- Developer: TalonSoft
- Publisher: TalonSoft
- Designers: Robert McNamara, Jim Rose
- Platform: Windows
- Release: NA: October 30, 1997; EU: 1997;
- Genre: Computer wargame
- Modes: Single-player, multiplayer

= East Front (video game) =

1997 computer wargame

East Front is a 1997 computer wargame developed and published by TalonSoft.

East Front was TalonSoft's most commercially successful game by early 1999, with sales near 90,000 units. It began the Campaign series, the successor to TalonSoft's Battleground franchise, and was followed by West Front, East Front II, Rising Sun and Divided Ground.

==Gameplay==
East Front is a turn-based computer wargame that simulates the Eastern Front of World War II.

==Development==
East Front was the first game developed on TalonSoft's Campaign game engine. It was announced in 1996 for a late-1997 release.

==Reception==

According to TalonSoft head Jim Rose, East Front was the company's biggest commercial success by early 1999. Its sales neared 90,000 units by that time. By February 2000, the overall Campaign series had achieved global sales above 250,000 copies.

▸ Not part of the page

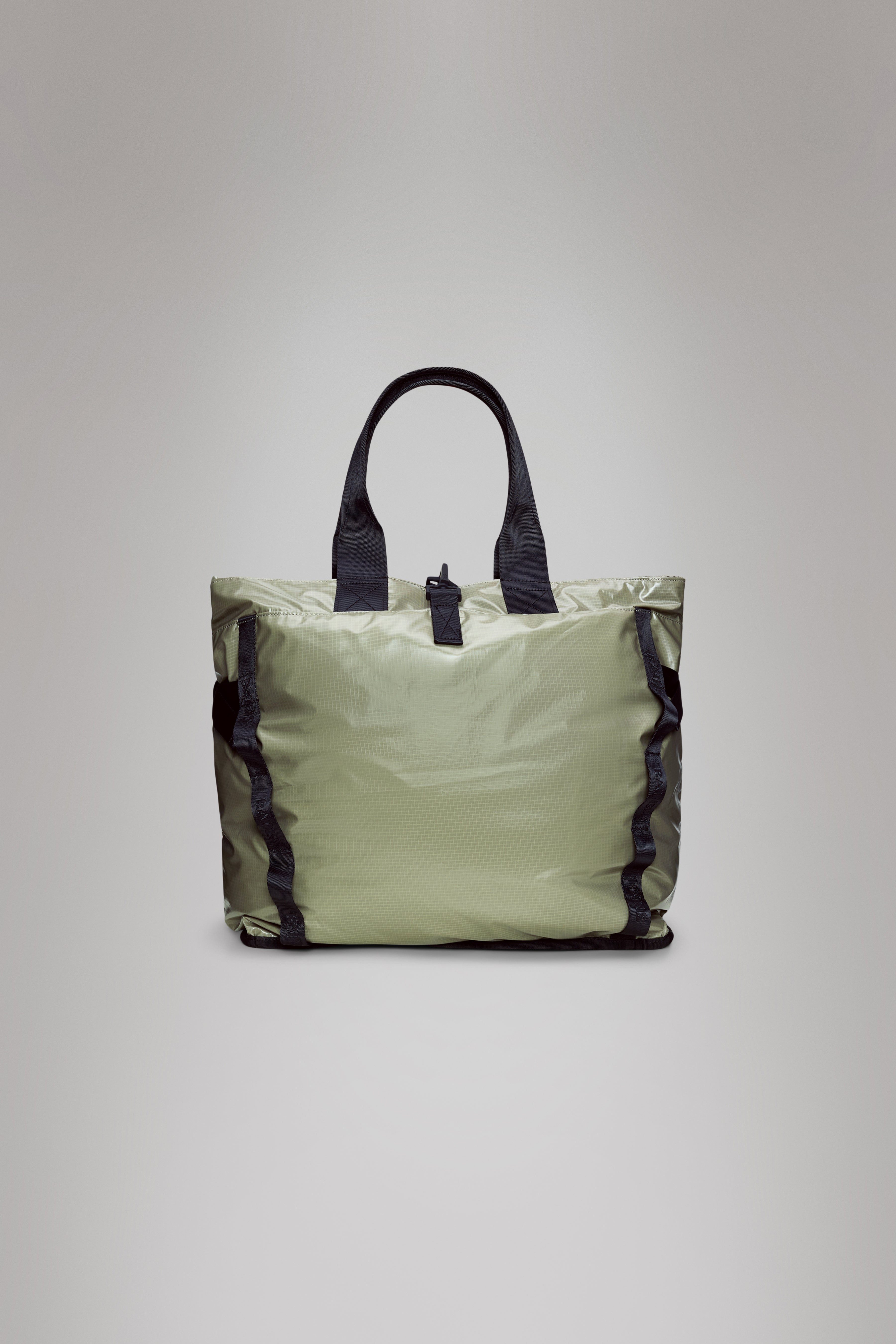 Sibu Shopper Bag is a dependable and versatile classic. It's cut from technical polyester and coated for all-weather protection. Sibu Shopper Bag is designed with intention, keeping its weight low and practicality high. This shopper is characterized by a neatly organized compartment with a smaller mesh pocket for loose essentials. In need of more space adjust the sturdy storage loops and compression straps to expand the volume of the bag. Externally, the design is fitted with a front slip pocket, signature rubberized buckles and logo-jacquard webbing trims. Sibu Shopper Bag is cut from Rains' technical polyester finished with a waterproof TPU coating. The design is sleek and lightweight with great durability SKU: 14760\108 Details Volume (liter): 11.4 gal Composition: 100.00% PA (Nylon) Water column: 10.000 mm Weight: 21.2 oz Features - Technical polyester with TPU coating - Coated zip closure with signature carabiner - Single main compartment - Internal mesh slip pocket - Front slip pocket - Signature rubberized buckles - Adjustable ergonomically shaped webbing compression straps - Carry handles - Webbing storage loops - Logo-jacquard webbing trims

William R. Trotter of PC Gamer US called East Front "a shaky start for TalonSoft's new line, but a must-have game for any Russian Front fan."

Review scores
| Publication | Score |
|---|---|
| Computer Games Strategy Plus | 2.5/5 |
| Computer Gaming World | 3/5 |
| PC Gamer (US) | 78% |

==Legacy==
The first game in the Campaign series, East Front was followed by West Front (1998), East Front II: The Russian Front (1999), Rising Sun (2000) and Divided Ground: Middle East Conflict 1948–1973 (2001).